Artikel 6 Algemene bouwregels

6.1 Bestaande en afwijkende maatvoering en situering
  • a. Bij de toepassing van het bepaalde ten aanzien van de maatvoering en situering van bouwwerken gelden de bouwregels, zoals die onder de bestemmingen en algemene bouwregels zijn voorgeschreven, dan wel de bestaande overschrijding daarvan, zoals deze op het tijdstip van inwerkingtreding van dit bestemmingsplan aanwezig of in uitvoering is, of kan worden gebouwd krachtens een omgevingsvergunning voor het bouwen;
  • b. Het bepaalde onder a geldt niet voor bouwwerken die weliswaar bestaan op het tijdstip van inwerkingtreding van dit bestemmingsplan, maar zijn gebouwd zonder vergunning en in strijd met het daarvoor geldende bestemmingsplan, daaronder begrepen de overgangsbepalingen van dat plan.

Artikel 7 Algemene gebruiksregels

7.1 Strijdig gebruik
  • a. Het is verboden gronden en bouwwerken te gebruiken, in gebruik te geven of te laten gebruiken in strijd met de bestemming.
  • b. Als gebruik in strijd met dit bestemmingsplan worden in ieder geval aangemerkt:
    • 1. het storten of lozen van puin, vuil of andere vaste of vloeibare afvalstoffen;
    • 2. het opslaan van gerede of ongerede goederen, zoals vaten, kisten, bouwmaterialen, voer- en vaartuigen, werktuigen, machines of onderdelen hiervan;
    • 3. het plaatsen of geplaatst houden van onderkomens;
    • 4. het gebruik van gronden en bouwwerken voor een seksinrichting en voor detailhandel, voor zover zulks niet expliciet is toegestaan ingevolge de bestemmingsomschrijving;
    • 5. het gebruiken van vrijstaande bijgebouwen voor (zelfstandige) bewoning;
    • 6. het gebruiken van bedrijfsgebouwen voor (zelfstandige) bewoning;
    • 7. het gebruiken van gronden en bouwwerken ten behoeve van lawaaisporten;
    • 8. of het doen of laten uitvoeren van vorenstaande activiteiten.

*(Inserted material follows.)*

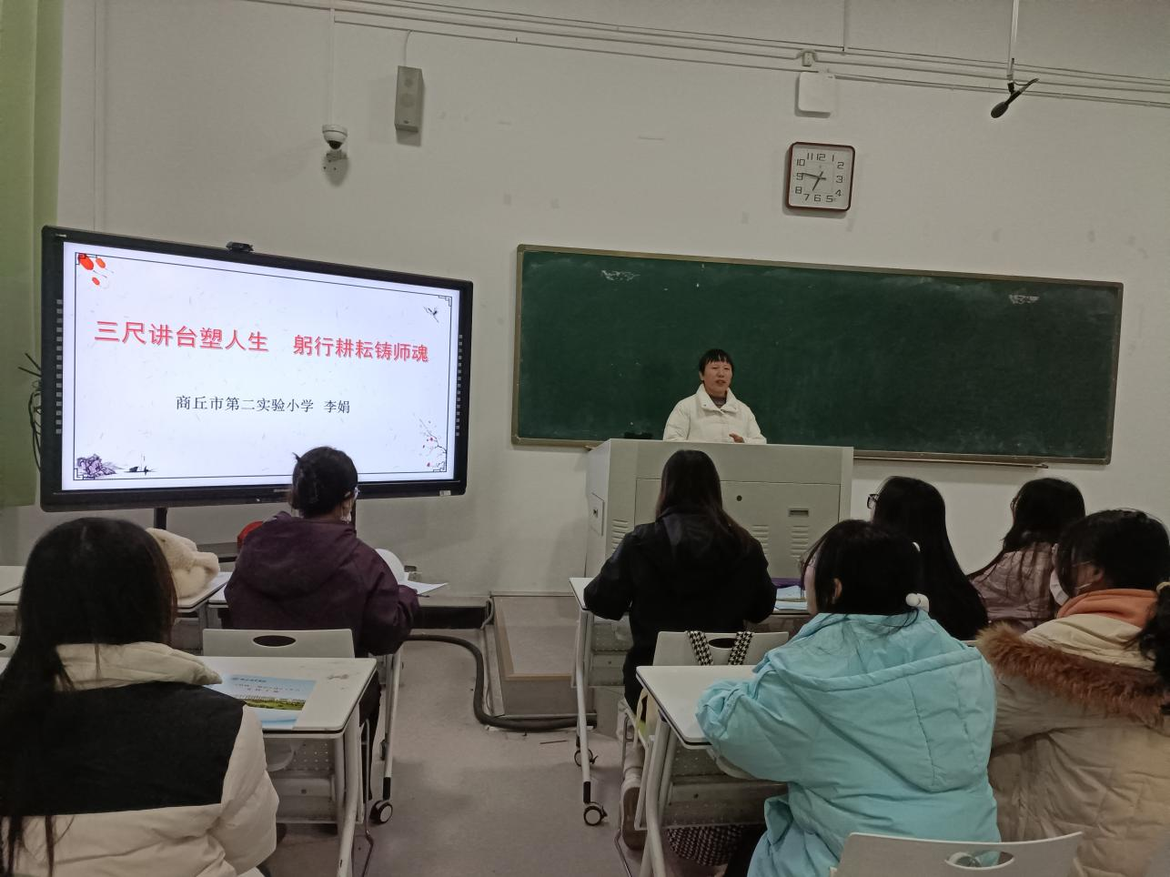为落实学校“‘互联网+’师范生成长工作坊”培训工作,深入贯彻党的二十大报告中师德师风建设的精神,进一步提升师范生的师德素养,11月23日晚,bv伟德源自英国始于1946在行方楼210教室成功举办小学教育专业师范生成长工作坊⟪三尺讲台塑人生 躬行耕耘铸师魂 ⟫师德专题讲座。商丘市第二实验小学教师李娟主讲,小学教育专业21级全体同学参加。

7.2 Uitzonderingen strijdig gebruik

Het bepaalde in lid 7.1, onder b, is niet van toepassing op:

  • a. het (tijdelijk) gebruik ten behoeve van de realisering en/of handhaving van de bestemmingen of het normale onderhoud van de gronden;

Artikel 8 Overige regels

De wettelijke regelingen waarnaar in de regels wordt verwezen, gelden zoals deze luiden op het tijdstip van vaststelling van het plan.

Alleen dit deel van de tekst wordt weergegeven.